Книга Хорасан. Территория искусства, страница 13. Автор книги Шариф Шукуров

Разделитель для чтения книг в онлайн библиотеке

Онлайн книга «Хорасан. Территория искусства»

Cтраница 13

Когнитивная метафора расчесывания является хорошим примером организации и переорганизации вещи ещё и посредством интенсификации возможностей по поиску значений и смыслов. Такую метафору называют имагинативной29. В этом случае о тождестве не может идти речи, ибо постоянная переорганизация вещи не позволяет остановиться ни на одной конечной ее форме. Расчесывание посредством гребня/калама – это процедура и инструмент расподобления вещи, основанной на интенсивности ее пространственно-тактильного начала. Не столь важно время расчесывания, важна умозрительность проникновения в глубину вещи, выхода на поверхность и вновь ухода в пространственные глубины, туда, где, казалось бы, надлежит находиться смыслу. Результатом всех этих манипуляций расческой или каламом является образ, образ вещи, и даже образ тайны. Образ, выявляемый процедурой расчесывания вещи, лежит не просто в глубинах вещи, значения и смысл могут всплывать на поверхность и вновь уходить в глубь вещи только затем, чтобы показать многоуровневость и многомерность образа. Какую бы конфигурацию ни придумал мастер расчесывания, надо помнить, что в основе создаваемого образа всегда остается исходный материал. Например, иранский суфий Хайдар Амули (1320–1380) сказал, что в письме важны не буквы, а чернила, составляющие истинный смысл написанного. А одним из эпитетов Иисуса Христа, создавшего новый Храм, является Краеугольный Камень. Это тот камень, что собрал вокруг себя камни общины, составившие новый Храм. Мы видим прическу, ее форму и не всегда отдаем себе отчет в том, что в любой прическе важна не ее форма, а только множественность волос, которые следует прибрать и перебрать, дабы получить искомый образ и форму. Вот почему единичное есть также множественное. Волосы, подобные аристотелевским топосам, выкладываются в некий образ-прическу. Так и чернила только потому являются инструментарием пишущего, поскольку они подают необходимый материал, из которого складываются буквы и письменная речь. А потому смысл должен искаться не в образе чернил, а в самих чернилах.

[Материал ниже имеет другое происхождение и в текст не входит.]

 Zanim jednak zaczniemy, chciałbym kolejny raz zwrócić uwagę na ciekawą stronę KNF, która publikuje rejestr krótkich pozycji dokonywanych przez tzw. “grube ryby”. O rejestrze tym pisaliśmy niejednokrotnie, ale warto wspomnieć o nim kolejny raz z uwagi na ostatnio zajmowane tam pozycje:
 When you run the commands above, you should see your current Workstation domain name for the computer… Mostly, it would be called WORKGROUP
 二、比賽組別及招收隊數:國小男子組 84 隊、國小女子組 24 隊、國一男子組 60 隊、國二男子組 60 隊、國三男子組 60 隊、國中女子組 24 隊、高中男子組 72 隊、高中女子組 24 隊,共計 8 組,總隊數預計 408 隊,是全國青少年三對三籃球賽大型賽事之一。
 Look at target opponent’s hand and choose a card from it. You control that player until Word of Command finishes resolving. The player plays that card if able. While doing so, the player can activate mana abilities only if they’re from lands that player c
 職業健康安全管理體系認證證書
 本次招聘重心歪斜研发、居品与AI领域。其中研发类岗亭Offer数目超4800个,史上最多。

И еще раз: значения и смысл образа не могут находиться ни просто внутри, ни на поверхности вещи, образ только для того погружается в глубины вещи, чтобы одним движением расчески/калама по запутанной вещи он мог быть выведен на поверхность пространственной глубины вещи и даже отделен от последней. Ведь гребень становится каламом. В данном случае не столь важно направление движения интерпретатора – метафорическое «расчесывание» вещи может вестись как по горизонтали, так и по вертикали, интерпретатор-чесальщик может уходить вглубь вверх, вглубь вниз, вглубь вправо или влево. Таким образом, вскрывается объемность вещи, которая перестает соответствовать себе самой.

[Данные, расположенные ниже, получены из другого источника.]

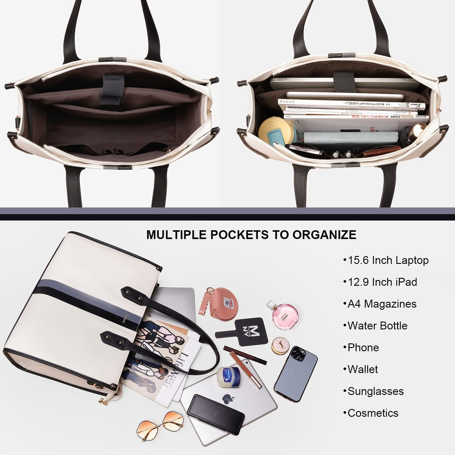 Divizia practică: Această geantă de lucru pentru femei este echipată cu 1 x compartiment principal, fermoar la deschiderea superioară pentru siguranță; 2 x compartimente căptușite, unul pentru laptop de 15,6 inch, celălalt pentru iPad de 12,9 inch; 1 x buzunar cu fermoar pentru portofel, telefon mobil; 2 x compartimente de stilou; 2 x buzunare deschise; 1 x curea elastică pentru sticlă de apă. Mai multe buzunare vă mențin toate lucrurile bine organizate și ușor accesibile.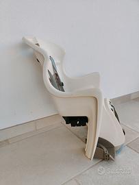 Seggiolino bici bimbo posteriore colore sabbia, con sicurezza laterale, Adesivo catarifrangente sul retro, Imbragature di sicurezza regolabili in 3 misure, Fibbie di sicurezza a prova di bambino, extra fibbia da innestare sul telaio, Extra protezioni per prevenire il contatto, 3 altezze per regolare le imbragature di sicurezza, Poggiapiedi regolabili in 4 misure. Peso bambino da 9 a 22 Kg. INTATTO e PERFETTAMENTE FUNZIONANTE.

Ради методологического уточнения вспомним о readymade Марселя Дюшана. В числе его работ по выведению предметов из однозначного индустриального и бытового предназначения и введению их в неоднозначный статус вещи-экспоната находится и расческа, хранящаяся в Музее Искусств Филадельфии30. Хафиз ввел образ расчески, в качестве поэтической метафоры, а Дюшан увидел в ней же метафору, которая превосходит свое предметное состояние, эта метафора выведена за пределы самой себя и сообщает нам дополнительную информацию, не связанную с прямыми функциями расчески.

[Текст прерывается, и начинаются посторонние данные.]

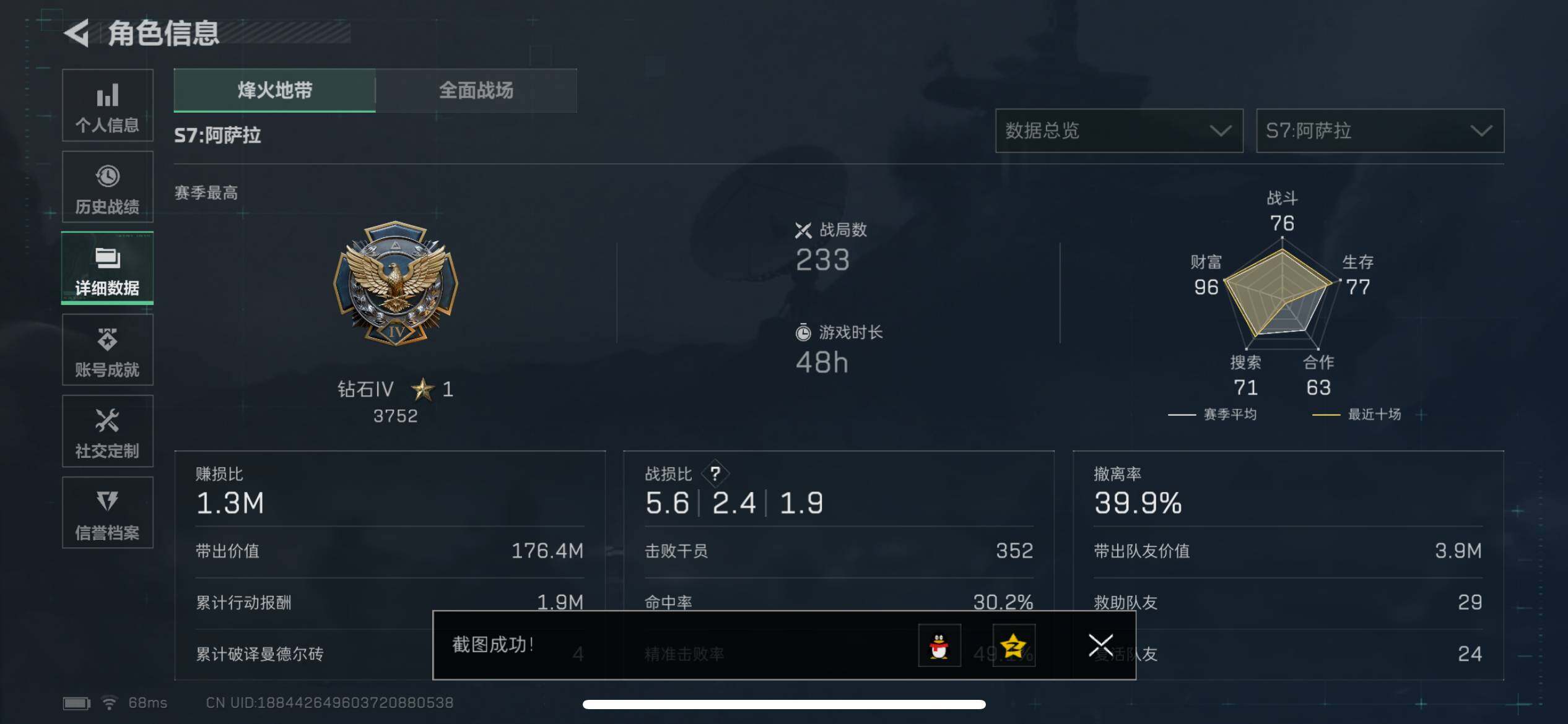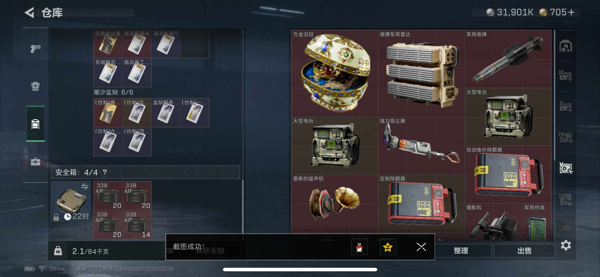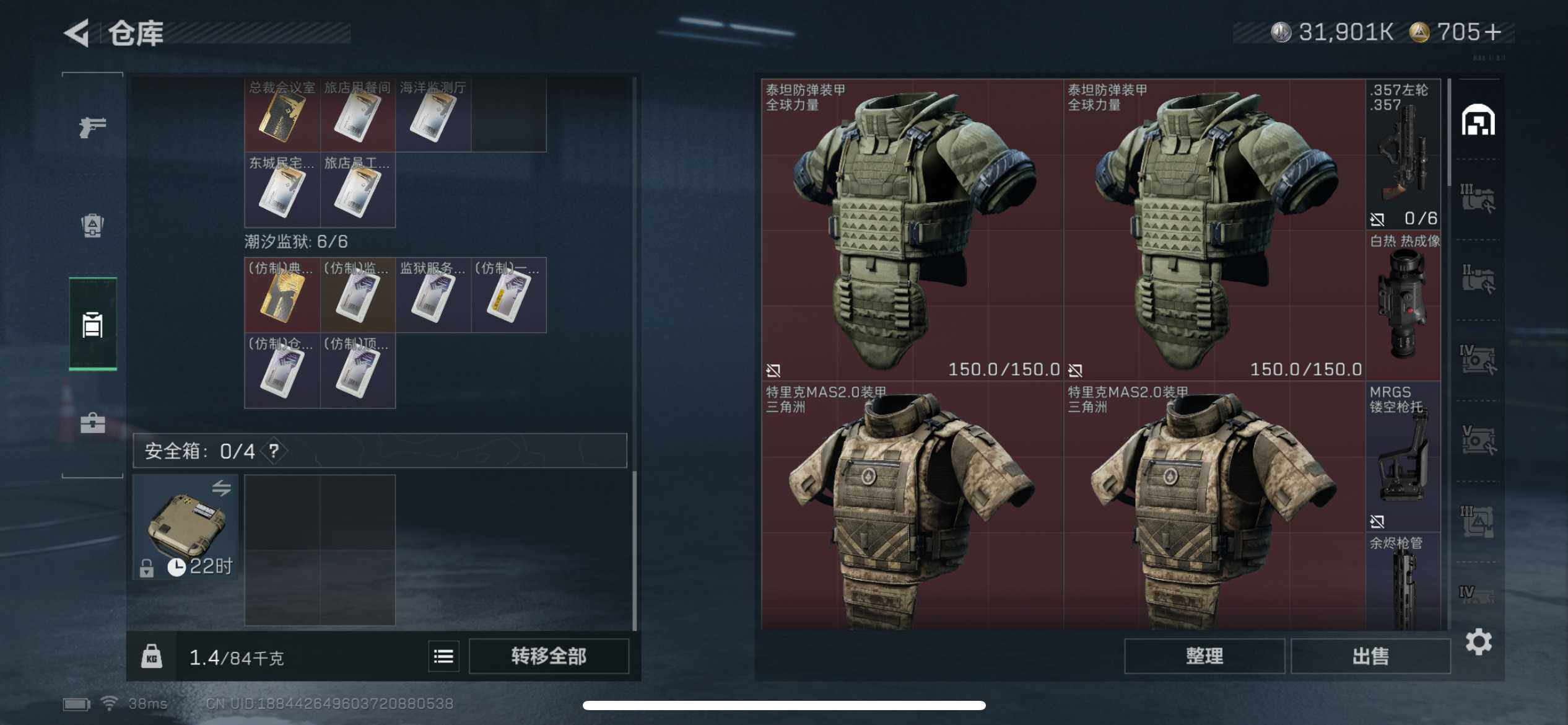[14295547]31901k哈伏币-144m流动资产-60烽火等级-钻石-15战场等级-军士长 【干员外观】:骇爪-维什戴尔,红狼-电锯惊魂 【近战皮肤】:近战-黑鹰 【传说外观】:SCAR-H战斗步枪-启航,KC17突击步枪-电锯惊魂,勇士冲锋枪-能天使-午夜邮差,R93狙击步枪-维什戴尔 【史诗外观】:腾龙突击步枪-猎鳄行动,MP5冲锋枪-战术竞备,MP5冲锋枪-竞技风,Vector冲锋枪-猎鳄行动,勇士冲锋枪-工业狂潮,M700狙击步枪-哈夫克警备 【稀有外观】:M4A1突击步枪-零点,AKM突击步枪-肃杀,QBZ95-1突击步枪-公平竞技,K416突击步枪-碳纤维,M7战斗步枪-捣蛋鬼,AK-12突击步枪-零点,CAR15突击步枪-亚特兰蒂斯,腾龙突击步枪-冰天雪地,MP5冲锋枪-哈夫克卫队,P90冲锋枪-黄昏,P90冲锋枪-捣蛋鬼,UZI冲锋枪-亚特兰蒂斯,SMG-45-行动开启,SMG-45冲锋枪-幻影结构,勇士冲锋枪-冰天雪地,M1014霰弹枪-幻影结构,QJB201轻机枪-哈夫克卫队,Mini-14射手步枪-荣耀列队,SVD狙击步枪-战术行动,SKS射手步枪-弄臣,SV-98狙击步枪-星链科技,SV-98狙击步枪-哈夫克航天,SV-98狙击步枪-精英联盟,G18-星链科技,G18-哈夫克航天 【普通外观】:M4A1突击步枪-粉色涂装,M4A1突击步枪-海色,QBZ95-1突击步枪-海浪,QBZ95-1突击步枪-三角洲力量,QBZ95-1突击步枪-海色,K416突击步枪-几何迷彩,M16A4突击步枪-高雅黑,AUG突击步枪-浅蓝涂装,SG552突击步枪-三角洲力量,SG552突击步枪-浅蓝涂装,SG552突击步枪-海浪,G3战斗步枪-高雅黑,PTR-32突击步枪-黄蜂,MP5冲锋枪-安全工作,MP5冲锋枪-海色,MP5冲锋枪-黄蜂,Vector冲锋枪-几何迷彩,UZI冲锋枪-海色,野牛冲锋枪-高雅黑,M1014霰弹枪-海浪,M249轻机枪-黄蜂,M250通用机枪-条纹,SVD狙击步枪-高雅黑,SR-25射手步枪-黄蜂,QSZ92G-条纹,沙漠之鹰-高雅黑 【载具外观】:轮式突击炮-荣耀 【军牌】:军牌-静谧时光,军牌-永恒,军牌-来点薯条,军牌-神秘艺术,军牌-幸福国,军牌-信誉优秀 【挂饰】:挂饰-维什戴尔,挂饰-暗行哨兵,挂饰-启程

Оба мастера – Хафиз и Дюшан, – несмотря на различие культур и эпох, действовали в одном ключе, в русле одного методологического направления. Такие вещи способны смотреть в глаза человеку, глядящему на них, ибо они способны изменить модус его мышления, заставить человека увидеть в любой вещи нечто отличное от нее, быть может, даже более весомое, вполне годящееся для внутреннего, неслышного диалога с ней.

Одновременно скажем, что установление границ и глубины, насыщенности идеями, образами и формами такого рода видения, является основной задачей нашей книги. Эта книга написана не просто для изложения всего того материала, с которым познакомится читатель, но и ради раскрытия видимых и скрытых горизонтов видения.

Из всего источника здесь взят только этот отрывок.